Marulaneng is a village in the Sekhukhune District Municipality in the Limpopo Province, South Africa.  Marulaneng falls within the administrative boundaries of the Makhuduthamaga Local Municipality.

Jane Furse is the nearest major economic centre for Marulaneng along with several villages such as Ga-Molepane, Ga-Moretsele, Madibong, Mamone, Marulaneng, Mokwete and Riverside, Glen Cowie.

Government 

Marulaneng is under the authority of traditional leader, known as Kgoši Seraki Thulare whose father and former chief is Kgoši Phetedi Thulare.

It should however be acknowledged that there is rivalry between Seraki and his uncle, Sekwati younger brother to Phetedi over the chieftaincy.
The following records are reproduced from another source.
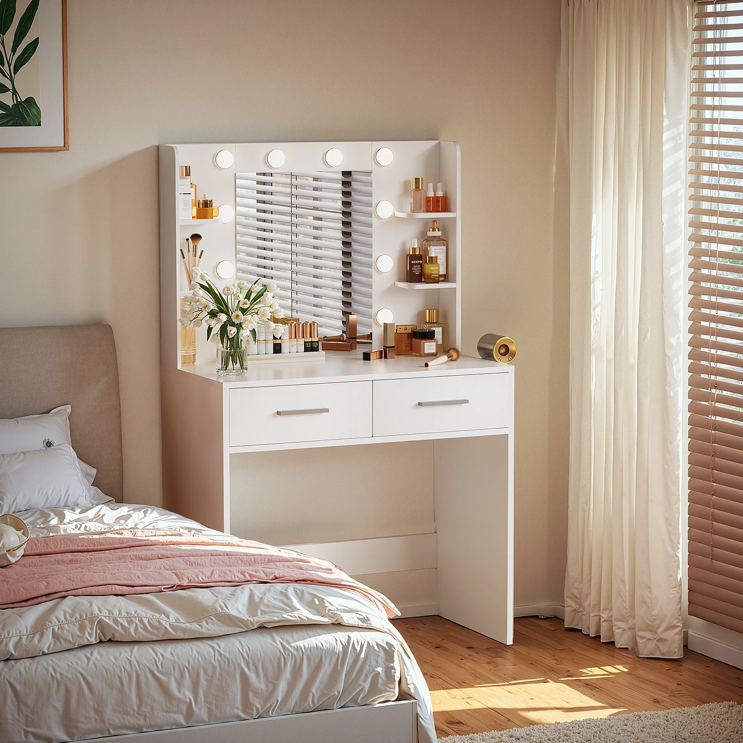 Vineego Makeup Vanity Desk with Lighted Mirror & Power Outlet, Makeup Vanity with 2 Drawers,White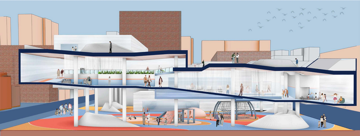In addition to providing space for public labor, this building uses ramps as the space organizer to divide the space into six floors for convenience. The design of the ramp also provides convenience for mothers who need to take care of children and the elderly, and makes the space safer.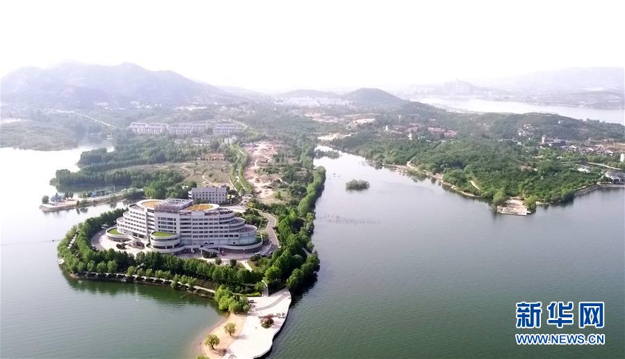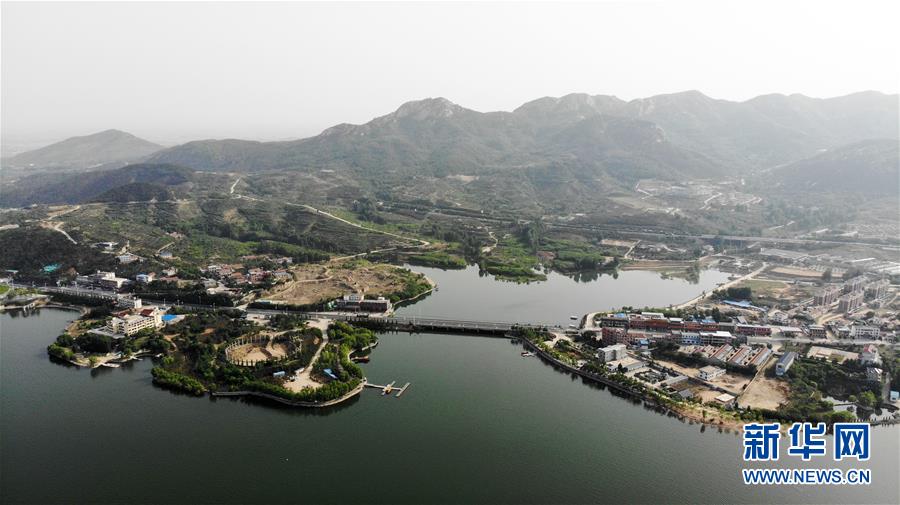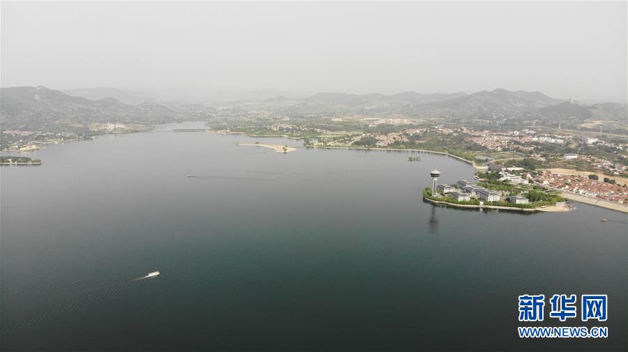 這是5月17日拍攝的雪野湖景色(無人機照片)。山東濟南風景區——雪野湖波光粼粼,岸邊綠樹環抱,加上星星點點的帆船在湖面搖曳,景色宜人。新華社記者王凱攝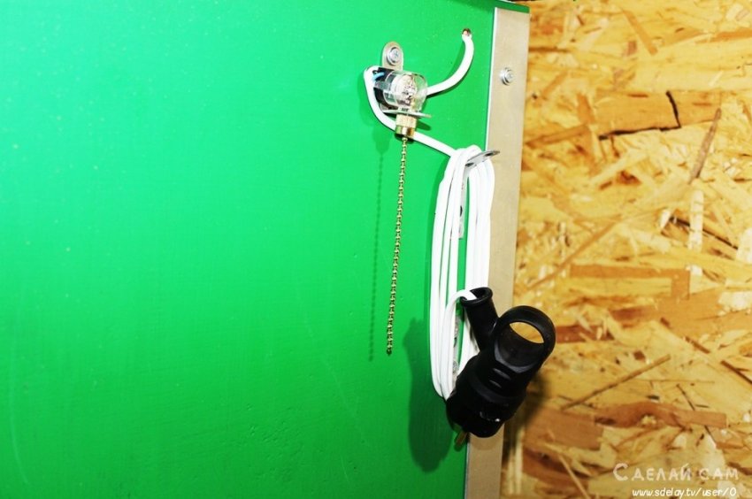 Прикрутил в нее патрон под лампочку и акуратно прокинул всю проводку. Нагревателем будет лампа накаливания на 40Вт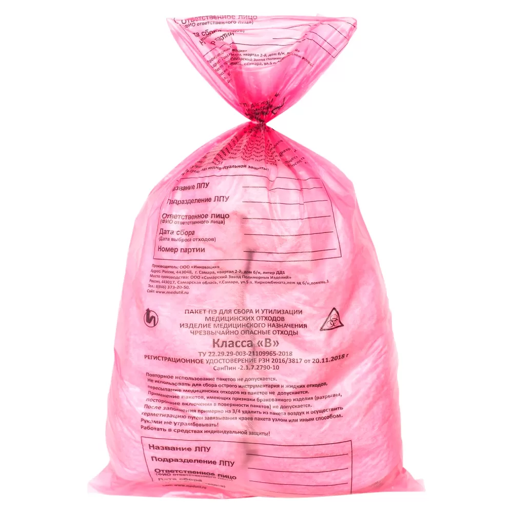 Не используйте пакет повторно и не пересыпайте медицинские отходы из пакета; в пакет нельзя складывать острый инструментарий и сливать жидкие отходы. Не используйте пакеты с разрывами, посторонними включениями в поверхность и другими признаками брака.

The argument is that no candle wife was ever married during Phetedi'd reign to give birth to a legitimate heir.

The argument continues that even the Phetedi's first born, the late Motodi the senior brother to Seraki who was killed in the early 1990s was not the legitimate heir.

Culture 

The media serving the area are Sekhukhune Community Radio, Thobela FM, the Polokwane-based South African Broadcasting Corporation (SABC) radio station and Capricorn FM, a commercial radio station also based in Polokwane.

Sepedi is the mainly spoken in Marulaneng.  Other languages also spoken here, although by a minority of residents, include Tsonga and Swati.

Education 

Only two schools are positioned in Marulaneng.